What you will do
Extract the whole listing as it stands. Do not include the pictures.

The data
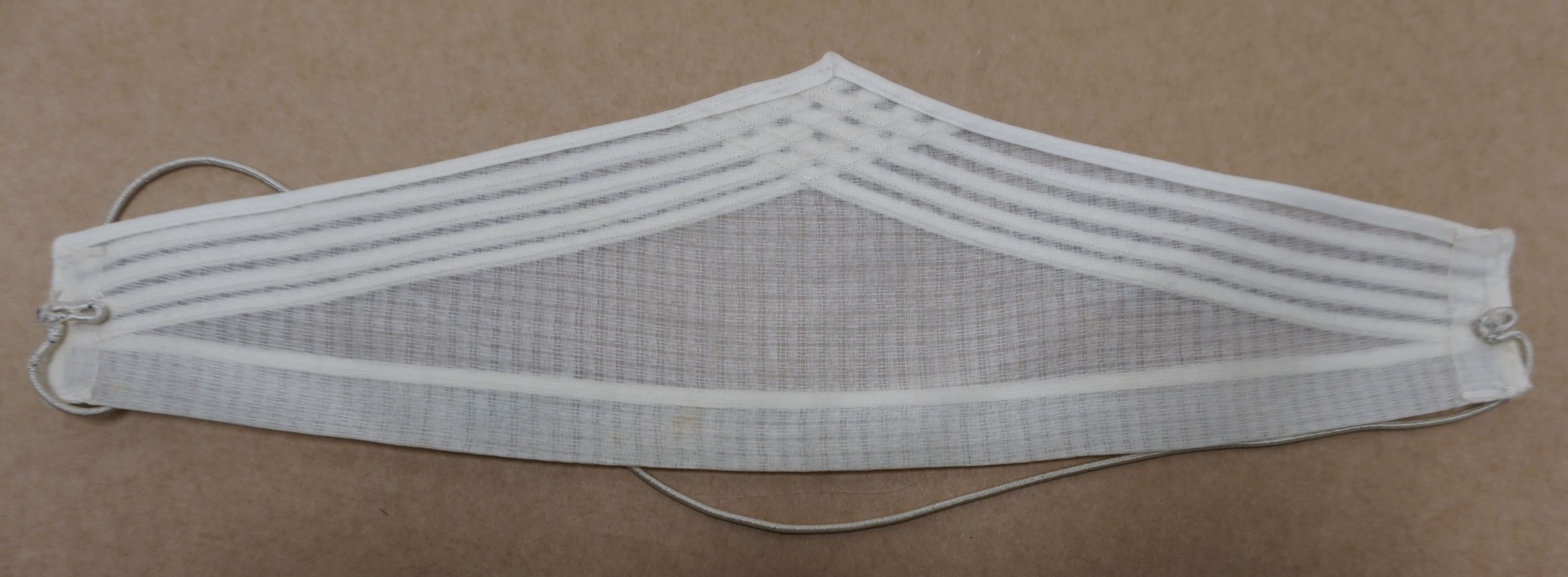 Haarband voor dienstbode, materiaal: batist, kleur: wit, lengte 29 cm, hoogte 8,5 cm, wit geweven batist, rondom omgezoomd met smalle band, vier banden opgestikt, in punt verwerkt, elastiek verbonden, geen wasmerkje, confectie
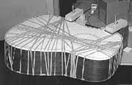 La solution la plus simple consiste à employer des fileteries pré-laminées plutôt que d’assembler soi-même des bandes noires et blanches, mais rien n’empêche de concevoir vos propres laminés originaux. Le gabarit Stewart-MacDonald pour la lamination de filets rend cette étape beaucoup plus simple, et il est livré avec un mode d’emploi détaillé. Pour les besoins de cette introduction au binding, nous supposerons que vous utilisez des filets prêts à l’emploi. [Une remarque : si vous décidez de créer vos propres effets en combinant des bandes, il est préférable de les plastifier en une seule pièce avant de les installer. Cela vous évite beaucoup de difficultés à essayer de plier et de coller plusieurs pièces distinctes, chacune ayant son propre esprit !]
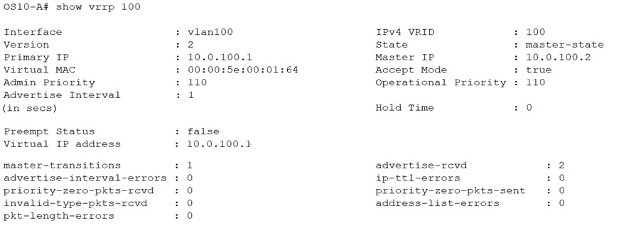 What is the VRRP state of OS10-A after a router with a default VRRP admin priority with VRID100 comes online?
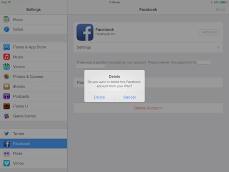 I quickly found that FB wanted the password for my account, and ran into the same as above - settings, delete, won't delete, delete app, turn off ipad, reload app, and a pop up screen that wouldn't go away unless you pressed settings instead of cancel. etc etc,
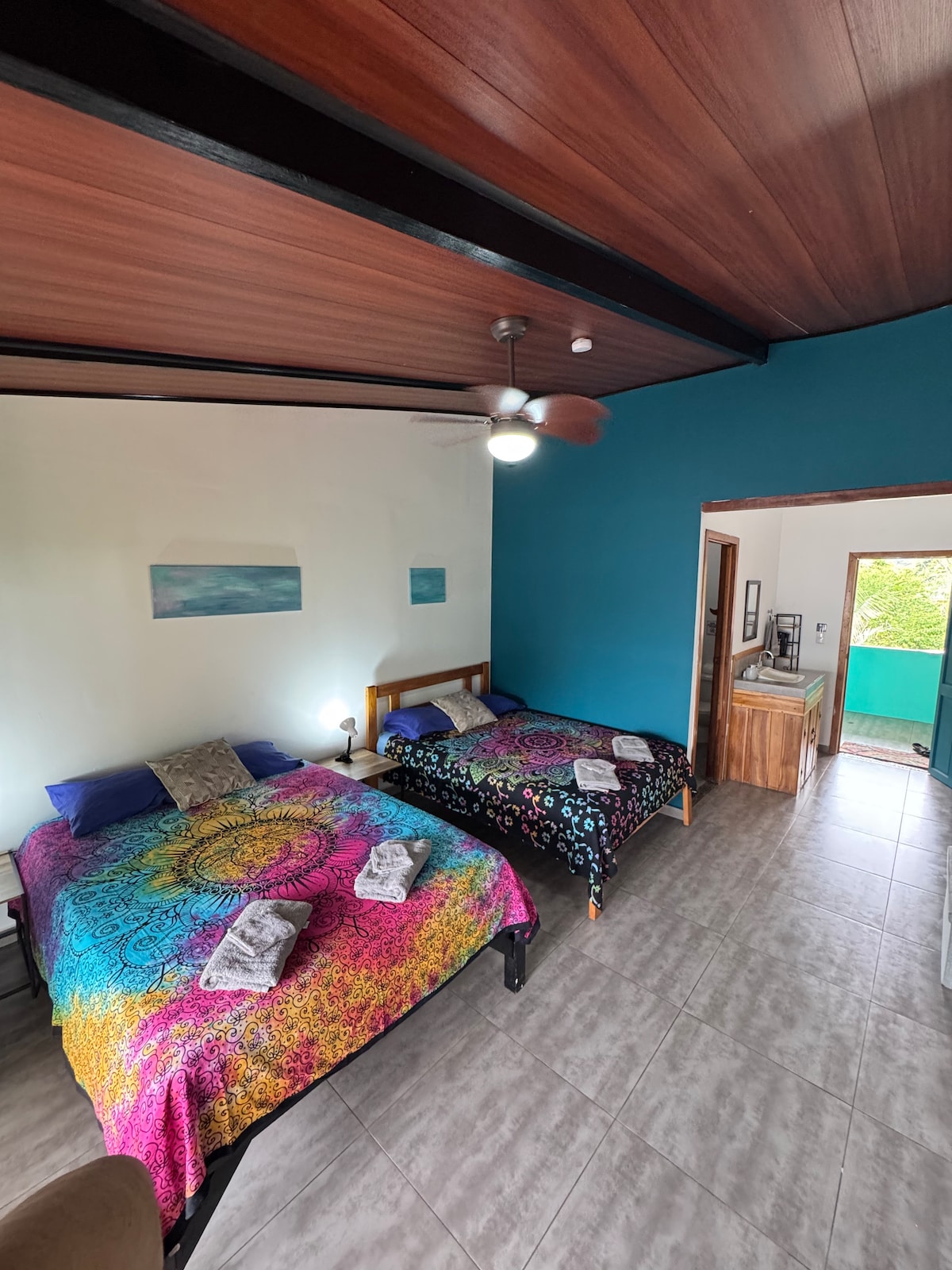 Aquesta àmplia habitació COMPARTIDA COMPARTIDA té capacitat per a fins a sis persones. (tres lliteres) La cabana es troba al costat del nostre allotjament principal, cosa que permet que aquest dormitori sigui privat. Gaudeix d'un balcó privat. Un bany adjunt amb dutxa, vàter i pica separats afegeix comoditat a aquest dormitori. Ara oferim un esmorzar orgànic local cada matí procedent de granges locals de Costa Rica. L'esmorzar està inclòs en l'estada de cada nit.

Task answer
 Haarband voor dienstbode, materiaal: batist, kleur: wit, lengte 29 cm, hoogte 8,5 cm, wit geweven batist, rondom omgezoomd met smalle band, vier banden opgestikt, in punt verwerkt, elastiek verbonden, geen wasmerkje, confectie
 La solution la plus simple consiste à employer des fileteries pré-laminées plutôt que d’assembler soi-même des bandes noires et blanches, mais rien n’empêche de concevoir vos propres laminés originaux. Le gabarit Stewart-MacDonald pour la lamination de filets rend cette étape beaucoup plus simple, et il est livré avec un mode d’emploi détaillé. Pour les besoins de cette introduction au binding, nous supposerons que vous utilisez des filets prêts à l’emploi. [Une remarque : si vous décidez de créer vos propres effets en combinant des bandes, il est préférable de les plastifier en une seule pièce avant de les installer. Cela vous évite beaucoup de difficultés à essayer de plier et de coller plusieurs pièces distinctes, chacune ayant son propre esprit !]
 What is the VRRP state of OS10-A after a router with a default VRRP admin priority with VRID100 comes online?
 I quickly found that FB wanted the password for my account, and ran into the same as above - settings, delete, won't delete, delete app, turn off ipad, reload app, and a pop up screen that wouldn't go away unless you pressed settings instead of cancel. etc etc,
 Aquesta àmplia habitació COMPARTIDA COMPARTIDA té capacitat per a fins a sis persones. (tres lliteres) La cabana es troba al costat del nostre allotjament principal, cosa que permet que aquest dormitori sigui privat. Gaudeix d'un balcó privat. Un bany adjunt amb dutxa, vàter i pica separats afegeix comoditat a aquest dormitori. Ara oferim un esmorzar orgànic local cada matí procedent de granges locals de Costa Rica. L'esmorzar està inclòs en l'estada de cada nit.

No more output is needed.